When we embed explicit constraint checking into a design, they can occur in any of the available tiers: persistence (database), access, model, control or view. Some of these options are easier to consider than others. The view tier, for instance, merely has responsibility for presentation and should be able to cope with any data provided. The other tiers, however, do require some tradeoff analysis.

The database tier is appealing, but problems here can escalate because database triggers and checks interact in subtle ways, and cascading trigger operations can consume precious shared resources on a centralized database server.

The access tier is appealing, but often it is simply JDBC or CORBA connectivity. Enhancing this with application-specific constraints seems to be like cluttering the view tier with application-specific features. This may be appropriate, but may also limit reuse as well distribute rules into unexpected locations.

Remaining are the model and control tiers. Some contraints are essential, structural features of the model. Many however, are a matter of enforcing a range of values that involves subtle, mutable or weakly defined business semantics. In this case, the control tier is ideal, since these are part of the actor's interaction, not part of the essence of the data model.

Having allocated most constraints to control-related packages, we note that constraints reveal two kinds of problems: design problems and operational problems. We also note that software lives on a development phase of its life and a deployment phase. This gives us the following four places where constraint violations can be discovered.

Design Problem found in a Design Phase . Excellent. Just what we hoped for. Thrown exceptions are very nice here: the application crashes with a traceback dump that can be used for diagnosis. The tools for locating design problems are highly specialized. Constraints in the code that locate design problems at design time are nice to have; they are like JUnit test cases. Note that these are not part of the problem or the solution, they are part of the software development process, and should stay there. It's on the same order of utility as a debugger - fine for programmers, but not fine for end users.

Design Problem found in a Deployment Phase . The root cause is a failure in the software development process. The question is how to detect these. My preference is to avoid masking them with "clean", "user-invisible" error handling. The application is badly broken if it has design flaws. Silently ignoring these problems is bad. Crashing outright, in some contexts is bad, too. There's a fine line here. My preference is to crash, but application errors logs with full tracebacks that help diagnosis are good when they are read and acted upon by developers.

Operational Problems found in a Design Phase . Hmmm. While some would say this is just good design -- "idiot-proofing the software" -- I disagree.

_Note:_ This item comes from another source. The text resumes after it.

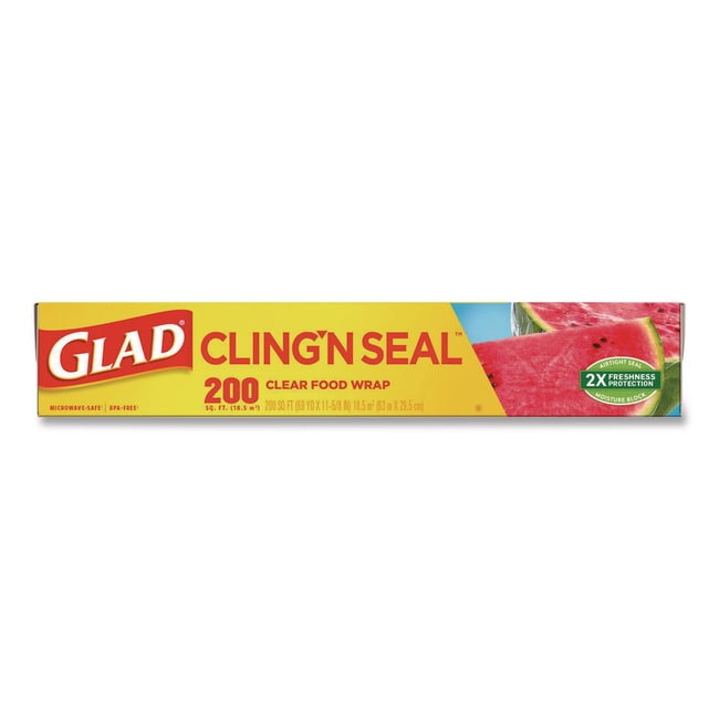 Glad ClingWrap extends your food s freshness by keeping air out with a superior seal cling versus the national brand With 3X the freshness based on moisture loss in produce versus no protection keep your foods fresher longer Its easy-to-use roll makes protecting your favorite foods fast and simple This food wrap is easy to handle and grips to a variety of surfaces such as glass and metal making it useful for portioning preparing steaming and protecting ClingWrap can be used outside of the kitchen too It is great to use for preventing leaks in toiletries when traveling wrapping wet paint brushes to use later or keeping items in drawers when moving Glad ClingWrap contains no plasticizer and is BPA free and microwave safe Ideal for use in restaurants cafeterias and other food service facilities Glad protects and seals with ease 200 sq ft Material(s)- Plastic Length- 69 yd Width- 11 62 Product Packaging- Box

If operational problems are discovered during testing, it means the requirements may have been wrong in the first place. Note that we are not talking about mechanisms to prevent fraud and abuse, those are ordinary requirements. We are talking about users trying to put textual notes in an amount field, or creating domain-specific nulls.

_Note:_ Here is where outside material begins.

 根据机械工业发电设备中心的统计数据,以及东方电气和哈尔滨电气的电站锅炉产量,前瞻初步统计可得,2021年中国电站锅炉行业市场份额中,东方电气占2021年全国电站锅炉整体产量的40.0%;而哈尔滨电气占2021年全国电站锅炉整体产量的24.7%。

Example of a domain-specific null is creating a goofy-looking default date (e.g., 10/29/1892) because the date is mandatory but not actually available. Using a goofy-looking amount (e.g., -9999.99) for the amount because it is mandatory in the software, but not in the business process.

Operational Problems found in a Deployment Phase . There are two cases here.

  1. Operational Problems . Bad operation means that the actor was mistaken in their understanding of how to create business value: wrong goal, wrong software to meet that goal, etc. Constraints may help discover this. Typically a few key constraints will find this situation very early in the user's experience. These are clearly part of the control layer, and meaningful diagnostic messages are important to alerting the actor that their actions are inappropriate for this piece of the system, but may be more appropriate with a different piece of the system.
  2. Software Problems . Other than bad design, bad software usually means the business context has changed, and the software has not. This is ordinary evolution, and overly constrained software is an impediment, not a solution. Again, a few key constraints to locate the situation and support diagnosis is the most important step. The user's response, however, is different, because they are now asking the system to behave differently instead of using the system differently.

Note that constraints lead to (1) development, (2) maintainence cost and (3) adaptation cost. Too many constraints, and inappropriately located constraints will make adaptation costly, with the consequence of making business evolution slow and complex.

When a constraint is added to an application, there are two design considerations for the situation we are trying to prevent.

  • If we omit the constraint, what breaks? The Law? Industry practices? The company structure? The line of business? An operational process?
  • If we omit the constraint, what is the nature of the breakage? OS crash? Application crash? Missing or damaged data with legal or financial consequences? Inconvenience? Confusion?

In short, is there a reasonable return on the investment?